_TASK DESCRIPTION_: Repeat each entry as written and leave the images out of the copy.

_RECORDS FOR THIS TASK_:
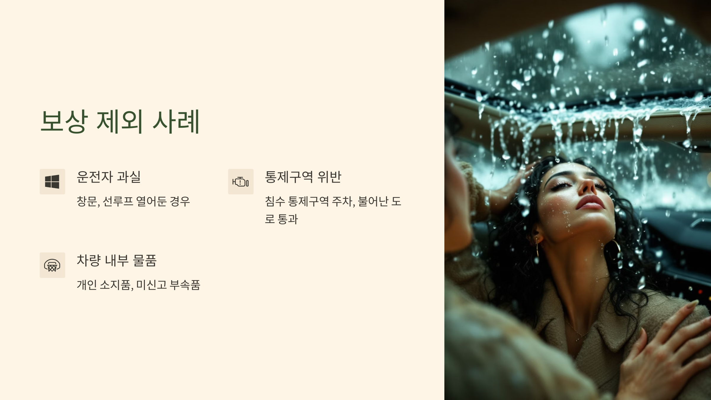 자동차 침수 피해가 무조건 보상되는 건 아니에요. 자차담보에 가입되어 있어도 상황에 따라 일부 보상에서 제외될 수 있어요. 다음 조건들을 꼭 확인해 보세요.
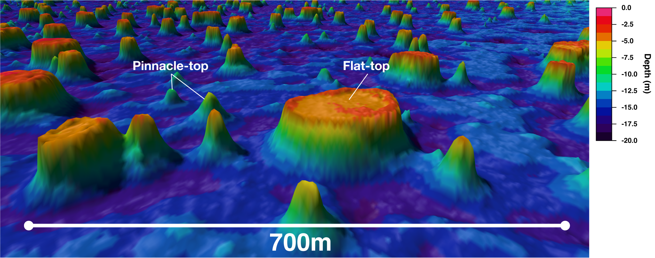 The working definition of the distinction between flat-top and pinnacle-top patch reefs was that the surfaces of flat-top patch reefs must have diameters of >5 m (Brock et al., 2008).
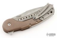 This Field Grade Bodega has an acid tumbled spear point blade with IKBS, flipper and notched thumbrest. Handle is earth G-10 with a tumbled titanium lock and titanium tip up clip, titanium backspacer. Nice detent, lockup and blade seating. Excellent Condition.
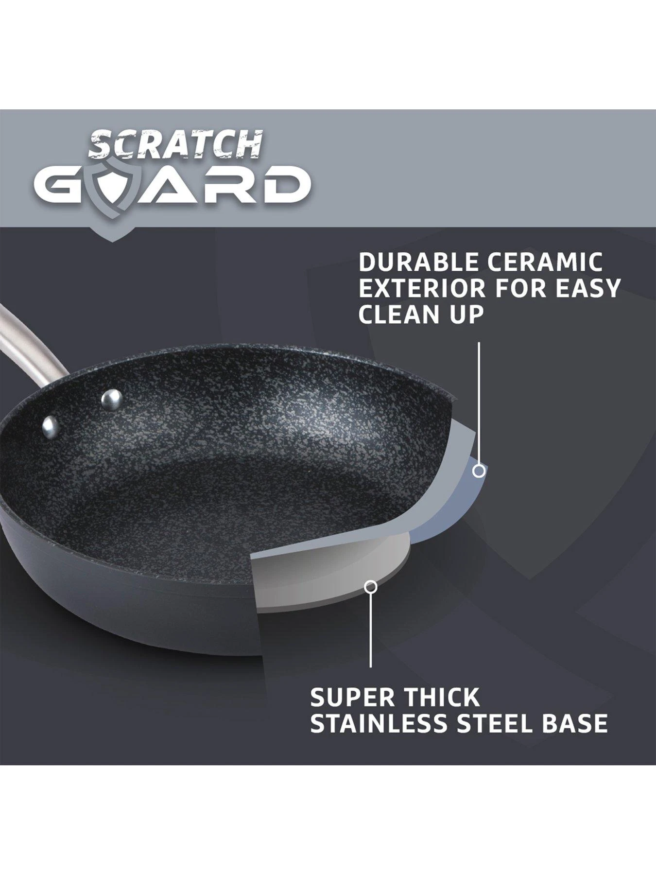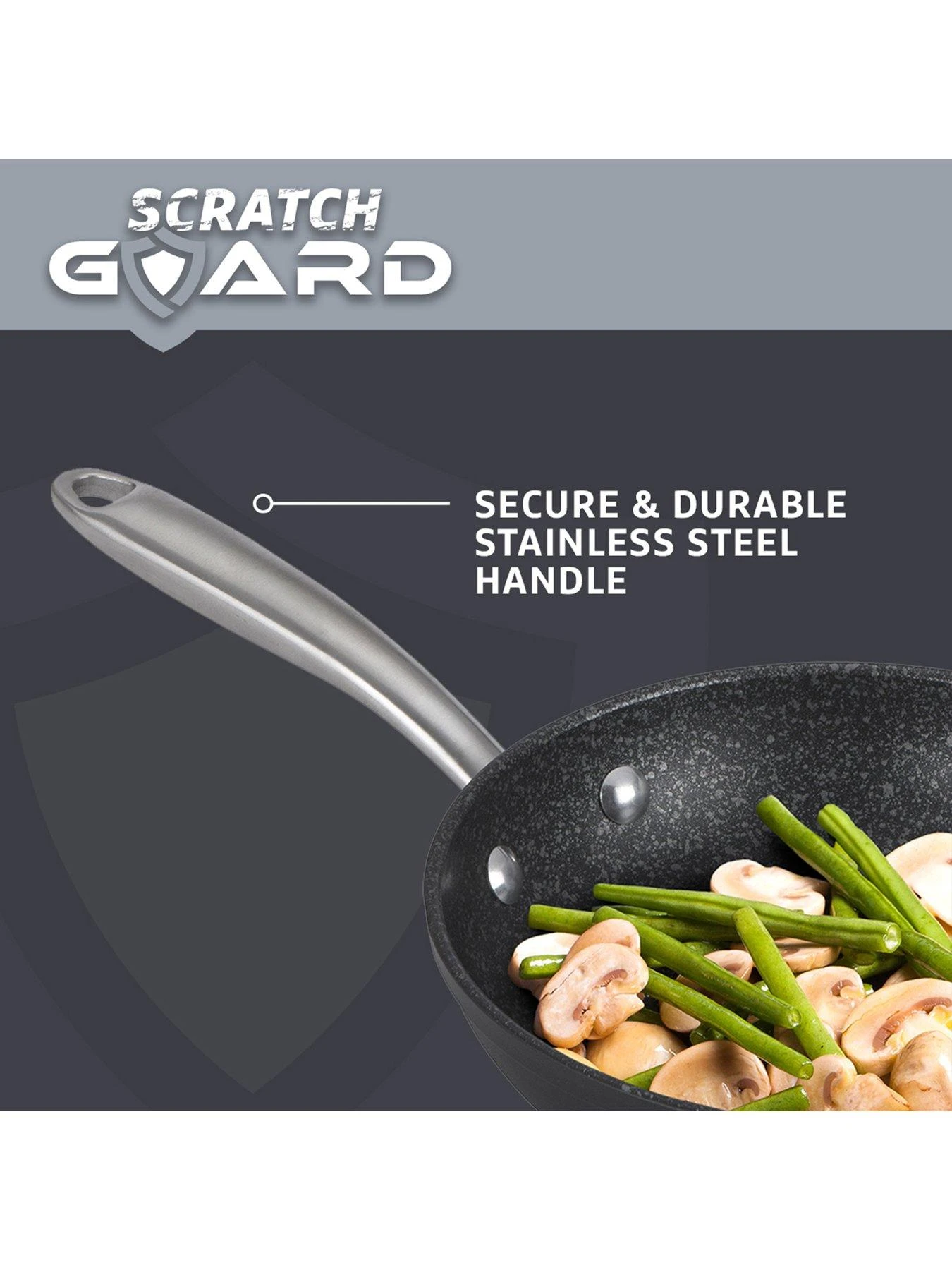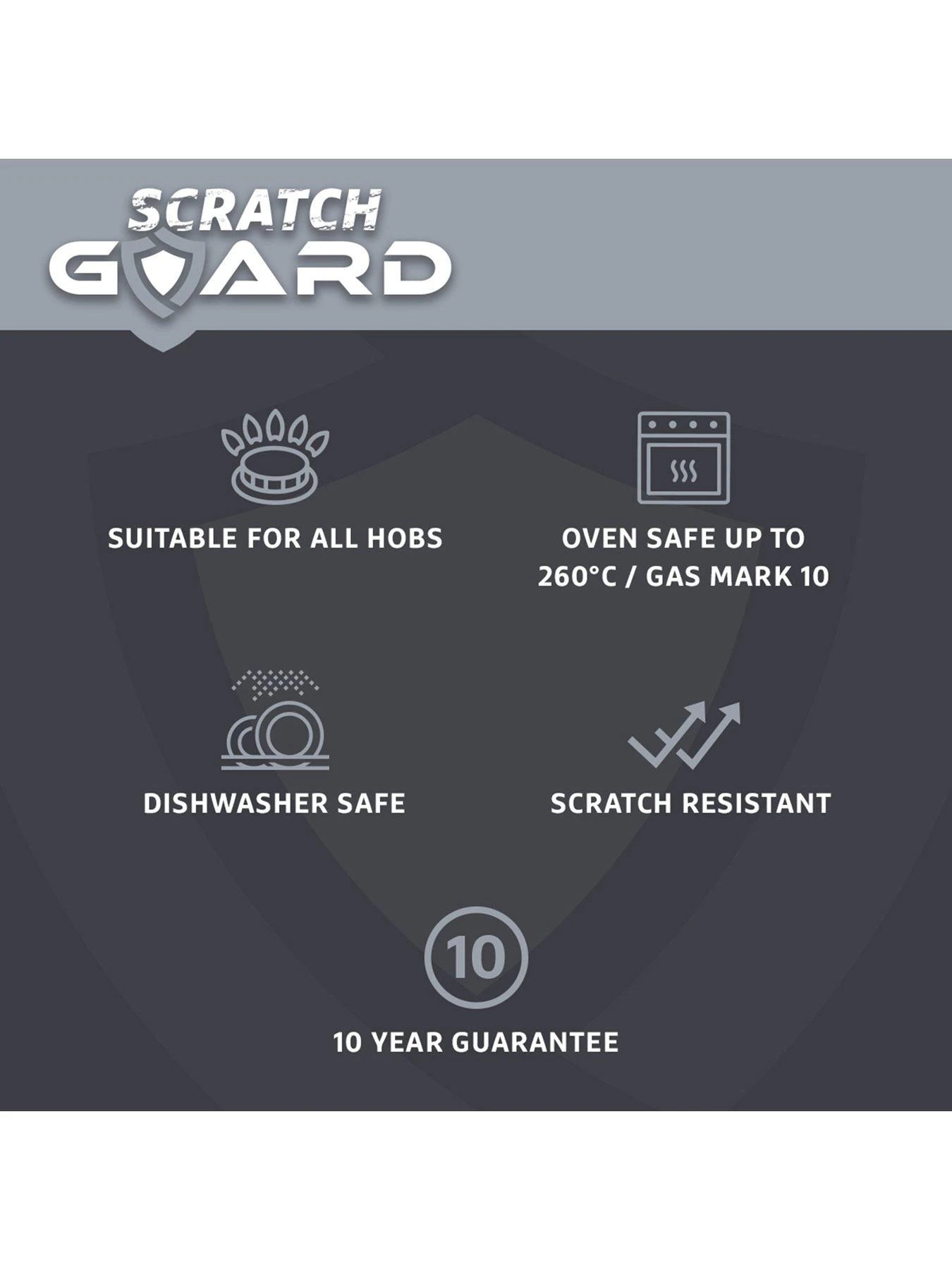 An essential addition to your kitchen, it also boasts Scratch Guard, which protects it against damage from metal utensils. The durable, thick stainless steel base ensures fast, even heat distribution that eliminates the hot spots that can cause burning, and the pan is even oven safe up to 260c/gas mark 10.
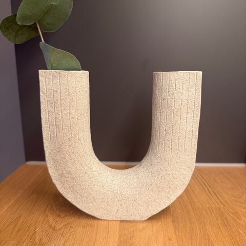 Bloomingville dekorasjonslysestake i beige farge med rund base og to armer for lys. Lysestaken har en høyde på omtrent 20 cm og er laget i et materiale med teksturert overflate. Egnet for bruk som dekorasjon i hjemmet.

_YOUR SOLUTION_:
 자동차 침수 피해가 무조건 보상되는 건 아니에요. 자차담보에 가입되어 있어도 상황에 따라 일부 보상에서 제외될 수 있어요. 다음 조건들을 꼭 확인해 보세요.
 The working definition of the distinction between flat-top and pinnacle-top patch reefs was that the surfaces of flat-top patch reefs must have diameters of >5 m (Brock et al., 2008).
 This Field Grade Bodega has an acid tumbled spear point blade with IKBS, flipper and notched thumbrest. Handle is earth G-10 with a tumbled titanium lock and titanium tip up clip, titanium backspacer. Nice detent, lockup and blade seating. Excellent Condition.
 An essential addition to your kitchen, it also boasts Scratch Guard, which protects it against damage from metal utensils. The durable, thick stainless steel base ensures fast, even heat distribution that eliminates the hot spots that can cause burning, and the pan is even oven safe up to 260c/gas mark 10.
 Bloomingville dekorasjonslysestake i beige farge med rund base og to armer for lys. Lysestaken har en høyde på omtrent 20 cm og er laget i et materiale med teksturert overflate. Egnet for bruk som dekorasjon i hjemmet.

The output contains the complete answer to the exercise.